In order to achieve the goals mentioned previously Carter Gordon Clinics utilises the following applications.

In September of 2003 an international conference arranged to agree a consensus on a core framework for the Minnesota Model. Treatment representatives from 27 countries were represented e.g. Mongolia, Russia, Tajikistan, France, Belgium, Eire, USA, Australia. Below is a shortened version of the outcome which agreed five pillars to the approach:

The Five Pillars of a Minnesota Model treatment programme

  1. Addiction is a Chronic Relapsing but treatable condition
  2. The 12 Steps (AA-NA etc) are integrated into the group treatment program
  3. Interdisciplinary Team are involved (medical, psychotherapeutic based cognitive behavioural therapy, social work, spiritual needs)
  4. Family members and others important to the patient are involved in the treatment process (family meetings, education, support groups, employer, therapy if needed)
  5. Aftercare as continuation of rehabilitation (‘In house’ support groups, AA – NA - Al-Anon support groups, family groups, relapse support groups etc as needed)

In 1996 Professor George E Vaillant (chair of psychiatry at Harvard) identified four life experiences present in 50% of stable recoveries from addiction8. These naturalistic healing processes are found most reliably in cognitive behavioural treatment programmes and in Alcoholics Anonymous (AA). Carter Gordon Clinics integrates these natural healing experiences as a core framework.

Each of these four naturalistic healing experiences is described in general below:

  1. The first experience is finding a reinforcing behaviour that competes with drug use, (e.g. meditation, compulsive gambling, overeating, in patient treatment etc.) It is no accident that the coffee-drinking, cigarette-smoking and self-esteem-building AA meetings are scheduled to occur during peak drinking hours.
  2. Second, being offered compulsory supervision or experiencing a consistent behavioural modification programme (e.g. comprehensive aftercare programme, use of disulfiram {Antabuse}, a painful ulcer or a cognitive-behavioural relapse preven¬tion programme) seems valuable (Miller, 1993). This is because although willpower is important in seeking treatment and for brief cessation of drug use, willpower is not associated with successful relapse prevention. Successful relapse prevention, like liberty, depends upon eternal vigilance.
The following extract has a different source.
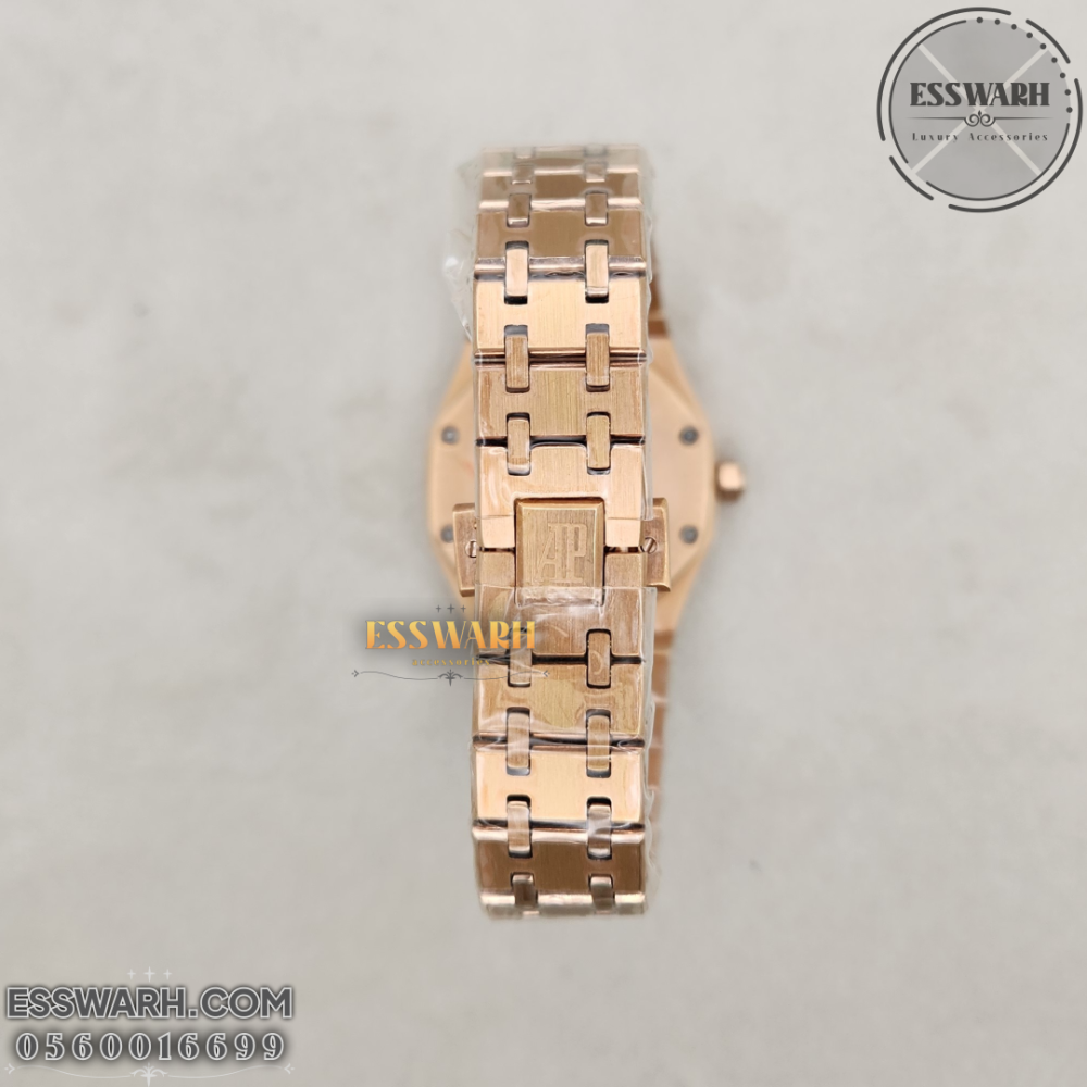 Audemars Piguet Luxury Women - Royal Oak - Rose Gold Enamel Gray Stainless Steel Belt Batteries, Cell Without Seconds, Size 32

Thus, relapse prevention is best achieved by obtaining external reminders (e.g. parole, support groups or behaviour modification). For example, a first step in smoking cessation is to tell all your friends you are stopping - to make your decision public.
  3. Third, inspirational group membership (e.g. discovering a sustained source of hope, inspiration and self-esteem in fundamentalist religion or AA), seems important to maintaining behaviour change and stable reaction formations. (By reaction formation it is meant the cognitive and affective reversal that occurs when a once-pleasurable instinctual goal (e.g. cigarette smoking) becomes disgusting.)
  4. Fourth, during recovery it is valuable for addicts to form bonds with people they have not hurt in the past. The formation of a new stable relationship with a non-blood relative is often associated with stable abstinence. In this regard an AA sponsor, a support group or a new spouse may be more useful than the dyadic relationship with a long-suffering family member, which must repeatedly reawaken old guilt’s and old angers - conditioned reinforces of alcohol use.